Summary of obese mouse models of MetS

The Lepob/ob, LepRdb/db and Ay/a mice are the three most commonly used spontaneously mutant obese mouse models. They display IR and can even develop diabetes depending on the background strain. In addition, Ay/a mice have intact leptin signaling and display a delayed onset obesity that can be amplified by high-fat feeding, making them a good model for human obesity. The MC4-R-deficient mouse model is similar to the Ay/a mice and is important because obesity in humans can be a result of mutations in the MC4R gene. However, with regards to plasma lipid levels and blood pressure, all three models fall short of an ideal model for MetS, and investigators should recognize this before choosing them for MetS studies.

Models of hyperlipidemia

According to the IDF, plasma TG levels of >150 mg/dl, or plasma HDL levels of <40 mg/dl in males and <50 mg/dl in females, are two components of MetS. Visceral obesity and IR are strongly correlated with the development of dyslipidemia (Semenkovich, 2006). Increased adiposity along with elevated insulin levels can lead to an elevation of NEFAs, which impact lipoprotein metabolism. With the advent of gene targeting strategies in mice, it has been possible to generate mice which are deficient in genes that are known to influence lipoprotein metabolism. Most mouse models are hyperlipidemic (elevated VLDL and LDL) rather than dyslipidemic (elevated TG and reduced HDL); however, they are still useful for studies of MetS. Many different hyperlipidemic models have been developed; however, this review will focus on the two that are most commonly used for studies of hyperlipidemia and atherosclerosis.

Low-density lipoprotein receptor-deficient mice

One of the most severe forms of human hyperlipidemia, familial hypercholesterolemia, occurs due to mutations in the low-density lipoprotein receptor (LDLR), which results in elevated levels of the atherogenic lipoprotein LDL. Thus, the first mouse model of hyperlipidemia developed was the LDLR−/− mouse (Ishibashi et al., 1993).

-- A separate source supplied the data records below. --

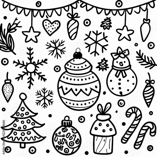 Hand-drawn Christmas decorations, ornaments, and winter elements.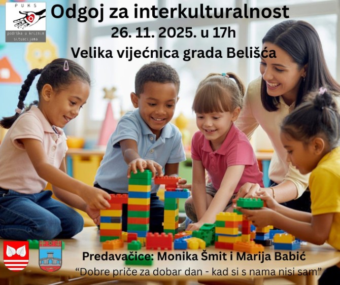 U srijedu, 26. 11. 2025. godine s početkom u 17h u Velikoj vijećnici grada Belišća, održat će se predavanje „Odgoj za interkulturalizam“.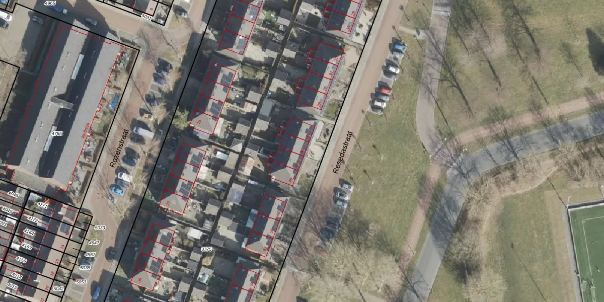 Het perceel waarop Resedastraat 42 staat heeft een oppervlakte van 1,1 ha. Dit is een zeer groot perceel. De perceeloppervlakte wordt geregistreerd door het Kadaster. Gedetailleerde informatie over de maten van dit perceel kunt u vinden in het rapport Kadastrale kaart met maatvoering van Resedastraat 42.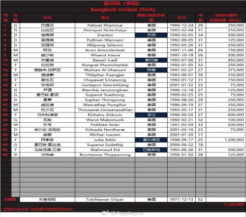 泰山的对手曼谷联名单: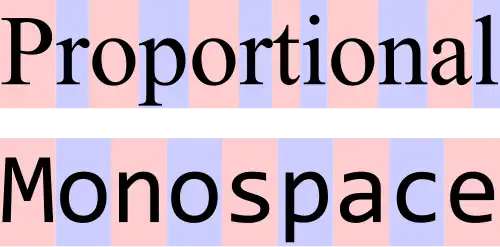A proportional typeface, also called variable-width typeface, contains glyphs of varying widths, while a monospaced (non-proportional or fixed-width) typeface uses a single standard width for all glyphs in the font. Duospaced fonts are similar to monospaced fonts, but characters can also be two character widths instead of a single character width.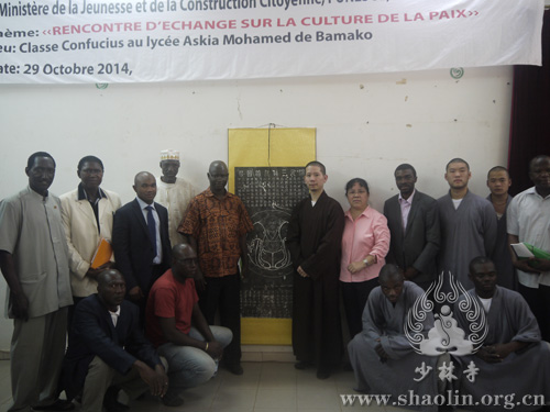 10月29日,少林文化代表团访问了位于马里首都巴马科的孔子学院,进行和平文化交流。联合国教科文组织代表,马里青年部代表,中国驻马里使馆高彦德秘书,孔子学院西索科院长及中方院长,孔子学院高中学生等200余人参加了会议。延宗法师代表少林文化代表团向孔子学院赠送《混元三教九流图赞》拓片,并为大众讲说“三教一体,九流一源,百家一理,万法一门”的深彻含义,鼓励在场的学生要立志,成为一个对国家社会有用的人,并且一一回答了提问者的问题。随后延惪、延科、延迪等法师演示少林功夫,赢得现场阵阵掌声!

These mice develop moderate hypercholesterolemia (total cholesterol ~250 mg/dl) on a chow diet with lipoprotein profiles similar to humans (i.e. elevated LDL) (Fig. 1C). On a high-fat/high-cholesterol ‘Western-type’ diet containing 21% fat and 0.15% added cholesterol, LDLR−/− mice develop severe hyperlipidemia and extensive atherosclerosis (Ishibashi et al., 1993). Furthermore, when LDLR−/− mice are placed on a diet with greater than 20% fat content they also become obese and display IR (Wu et al., 2006). Thus, the LDLR−/− mouse model can be particularly useful when studying diet-induced obesity and IR in the presence of hyperlipidemia.

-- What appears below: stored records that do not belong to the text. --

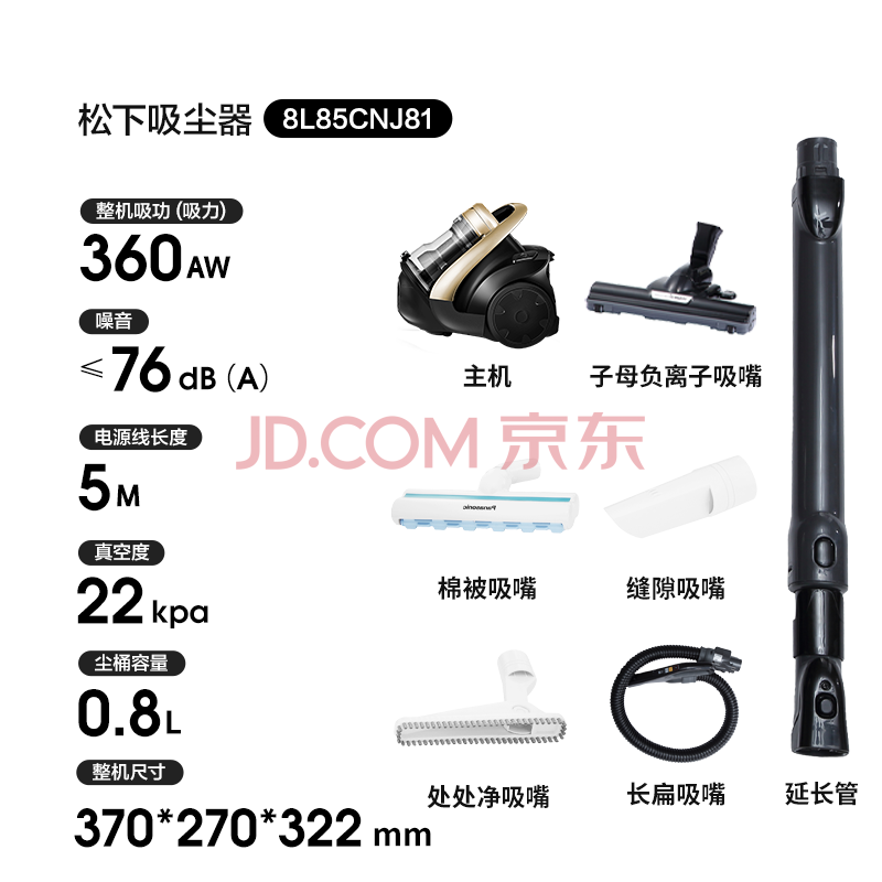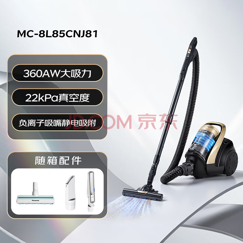 商品相册:松下(Panasonic)卧式有线吸尘器家用大吸力手持长续航垃圾压缩机清洁机吸猫毛除毛宠物节能微尘感知MC-8L85CNJ81第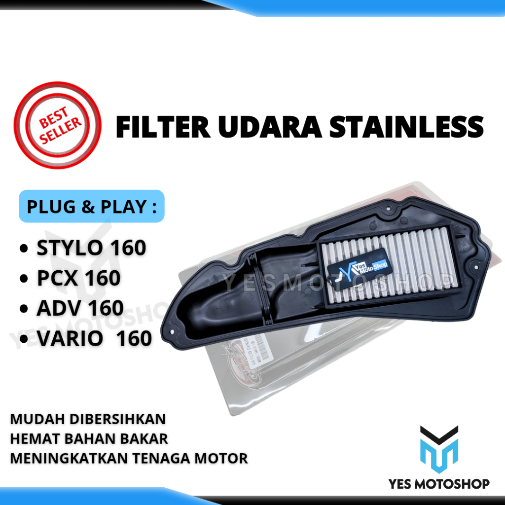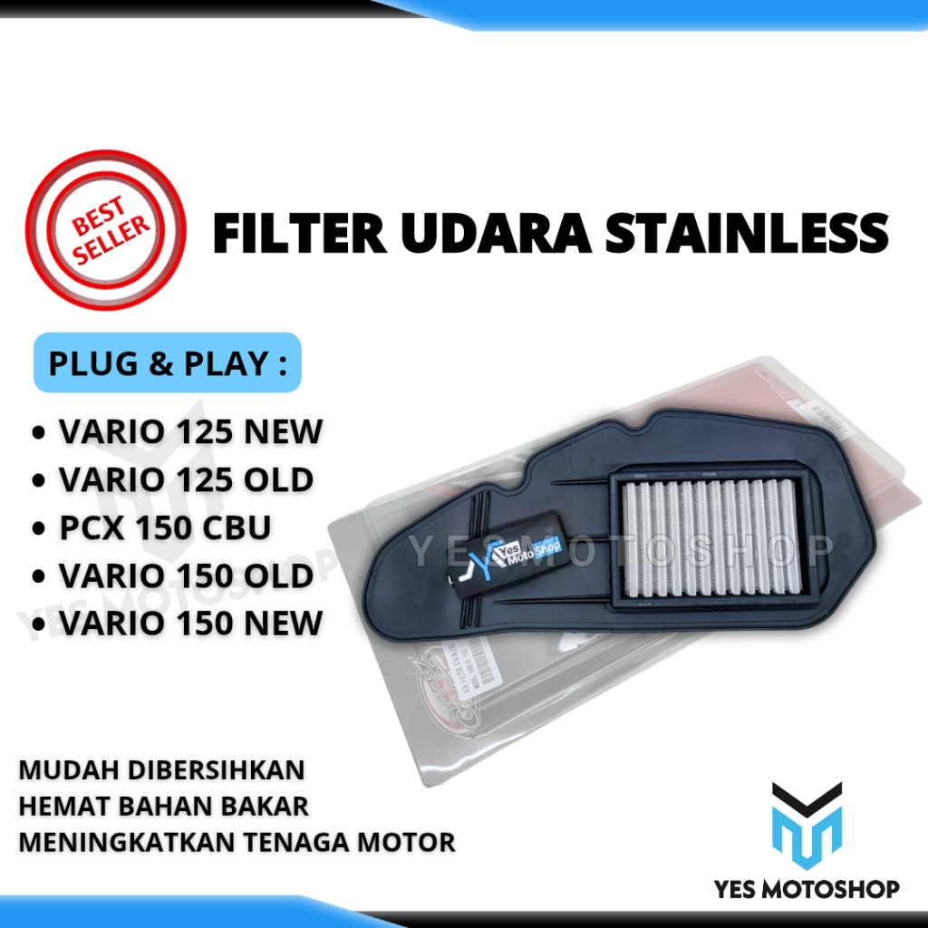 AIR FILTER UDARA STAINLESS VARIO 125 VARIO 150 PCX ADV STYLO NMAX AEROX BEAT FI MIO J LEXI SCOOPY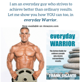 Frank Gigante is in every way an Every Day Warrior. His never-say-quit attitude has served him well as a Rochester City School teacher, a world class athlete competing in All-Natural Professional Bodybuilding Competitions, a single father to two beautiful daughters, a brand ambassador, magazine columnist and hobby furniture maker and woodworker in his spare time. Whatever goals Frank sets, his voracious appetite to be more than he was the day before drives him to succeed. He shares the lessons he has learned in his book, Everyday Warrior, making it easy to follow his time-tested practices for success.
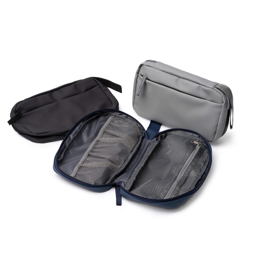 Kosmetyczka z poliuretanu zapinana na zamek błyskawiczny. Wnętrze zawiera dwie przegrody z siatki — jedną zamykaną na zamek oraz drugą podzieloną na mniejsze kieszonki. Z przodu znajduje się dodatkowa kieszeń na zameb błyskawiczny. Zamki i uchwyt do przenoszenia dopasowane kolorystycznie do kosmetyczki.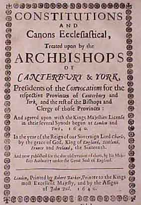 English: Title page of the Canons passed by the Convocation of the English Clergy at the behest of Charles I of England and William Laud and which imposed the Et Cetera Oath which was so distasteful to the Puritans

Apolipoprotein E (apoE)-deficient mice

The apolipoprotein E (apoE)-deficient mouse is another commonly used model of hyperlipidemia. ApoE is a ligand found on remnant lipoproteins that is recognized by various receptors in the liver. In humans, apoE deficiency, or the presence of mutant forms of apoE, results in type III hyperlipidemia characterized by the presence of elevated VLDL lipoproteins and an early age onset of atherosclerosis (Mahley, 1988). Unlike their LDLR−/−counterparts, apoE−/− mice develop a more severe hyperlipidemia (total cholesterol ~350 mg/dl), characterized by elevations in VLDL and reductions in HDL (Fig. 1C), which leads to spontaneous atherosclerosis on a chow diet (Plump et al., 1992; Zhang et al., 1992). In many cases, apoE−/− mice do not become obese, nor do they develop IR, even on a high-fat diet (Gao et al., 2007; Hofmann et al., 2008). The reason that apoE−/− mice are protected against obesity and IR in some studies is not entirely clear; however, there is some evidence that apoE may modulate adipocyte TG storage (Yue et al., 2004; Huang et al., 2006).

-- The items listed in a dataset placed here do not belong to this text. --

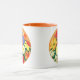 Mug em uma ilustração detalhada de margaridas e radares em tons brilhantes de laranja, amarelo e vermelho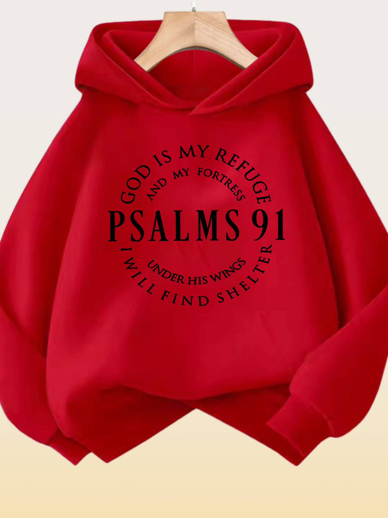 Cozy Christian Faith Hoodie 100% Polyester Cozy Women’s Pink Christian Faith Hooded Sweatshirt with Psalm 91 Bible Verse Print | Machine-Washable Pullover for Casual Wear | Inspirational Religious Apparel for Fallu002FWinter Layering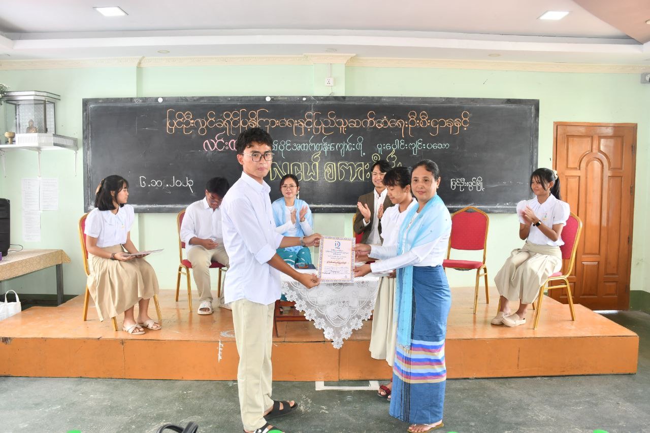 ထို့နောက် လူငယ်စကားဝိုင်းတွင် ပါဝင်ဆွေးနွေးခဲ့ကြသောကျောင်းသား၊ ကျောင်းသူများအား ပြင်ဦးလွင်ခရိုင် ပြန်ကြားရေးနှင့်ပြည်သူ့ဆက်ဆံရေးဦးစီးဌာနမှ လက်ထောက်ညွှန်ကြားရေးမှူး ဒေါ်ဝါဝါလွင်က ဂုဏ်ပြုမှတ်တမ်းတင် လက်မှတ်များပေးအပ်ပြီး စာရေးဆရာ ကိုရွှေအောင်သင်း က လင်းထက်ကိုယ်ပိုင် အထက်တန်းကျောင်းစာကြည့်တိုက်အတွက် သုတ/ရသ စာအုပ်များပေးအပ်လှူဒါန်းရာ ကျောင်းအုပ်ဆရာမကြီး ဒေါ်နွေးနွေးပြုံး လက်ခံရယူခဲ့ပြီး လူငယ်စကားဝိုင်း အခမ်းအနားအား အောင်မြင်စွာရုပ်သိမ်းခဲ့သည်။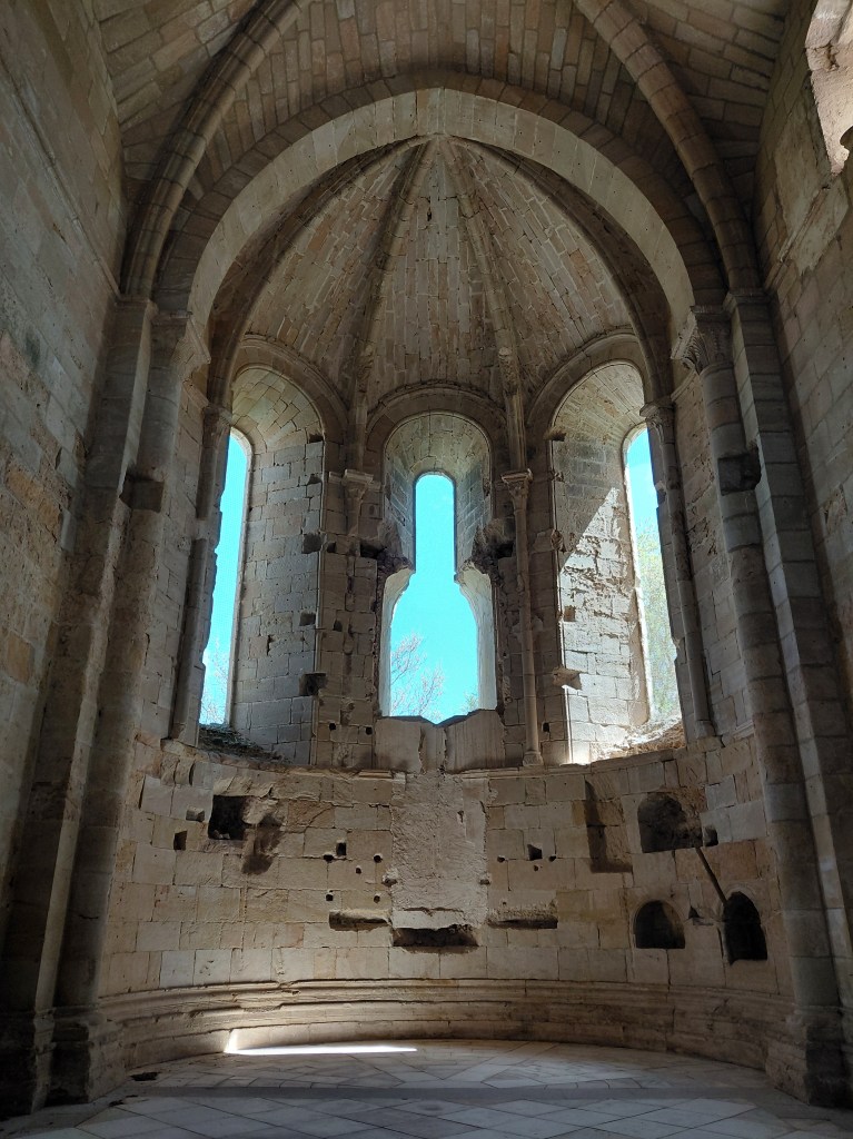 La última parada de nuestro viaje fue el Monasterio de Monsalud que disfrutamos escudriñando cada rincón, en pleno proceso de consolidación y restauración, gracias a las explicaciones entusiastas de su guía. El claustro, la antigua portería, el refectorio, la sacristía, la iglesia, la sala capitular… desfilaron ante nuestros ojos. Aunque algunos de esos espacios careciesen de cubierta y no quedasen imágenes religiosas, la imaginación y la memoria de otros monasterios suplía ese vacío que, sin embargo, emanaba una belleza serena que solo la piedra desnuda puede expresar y el enclave natural enfatizaba.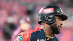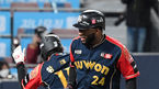 [OSEN=수원, 민경훈 기자] 14일 오후 수원 KT위즈파크에서 '2020 신한은행 SOL KBO리그' KT 위즈와 키움 히어로즈의 경기가 열렸다.1회말 1사 주자 1루 KT 로하스가 우월 역전 투런 홈런을 날린 후 덕아웃으로 들어가며 황재균과 바디체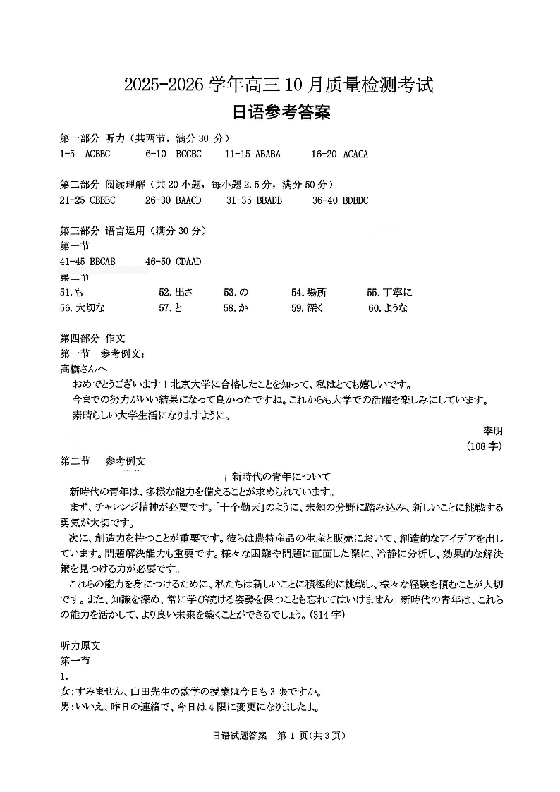 高三日语答案--河南省青桐鸣大联考2026届高三上学期10月联考

Despite other studies showing that apoE deficiency can protect against obesity, our laboratory has shown that specific dietary modulations may potentially make apoE−/− mice useful for studies of MetS. Specifically, we found that apoE−/− mice fed a high-fat diet (with 60% of the calories from fat) for 17 weeks have increased body weight and atherosclerosis (King et al., 2009). These high-fat-fed apoE−/− mice are glucose intolerant and also display elevated systemic inflammation, as measured by increased serum amyloid A concentrations in the plasma. Thus, apoE−/− mice can be used as a model of MetS under the proper dietary conditions. In addition, other genetic modulations, such as placing them on the Lepob/ob or LepRdb/db background (described below), also allow for their use in MetS studies.

Models of obesity with hyperlipidemia

Obese mouse models such as Ay/a, Lepob/ob and LepRdb/db have increased total plasma cholesterol levels; however, this is the result of increased HDL rather than increased VLDL and LDL levels (Nishina et al., 1994a; Silver et al., 1999; Silver et al., 2000; Gruen et al., 2005; Gruen et al., 2006; Coenen and Hasty, 2007). The increase in HDL probably accounts for the resistance of these obese mice to atherosclerotic lesion formation (Nishina et al., 1994b). By contrast, human MetS is associated with obesity, increased levels of TG-rich VLDL and reduced levels of HDL. To generate obese mouse models with hyperlipidemia, our laboratory and others have crossed the Lepob/ob, LepRdb/db and Ay/a mice onto LDLR−/− and apoE−/− backgrounds. The models described below are all on the C57BL/6J strain.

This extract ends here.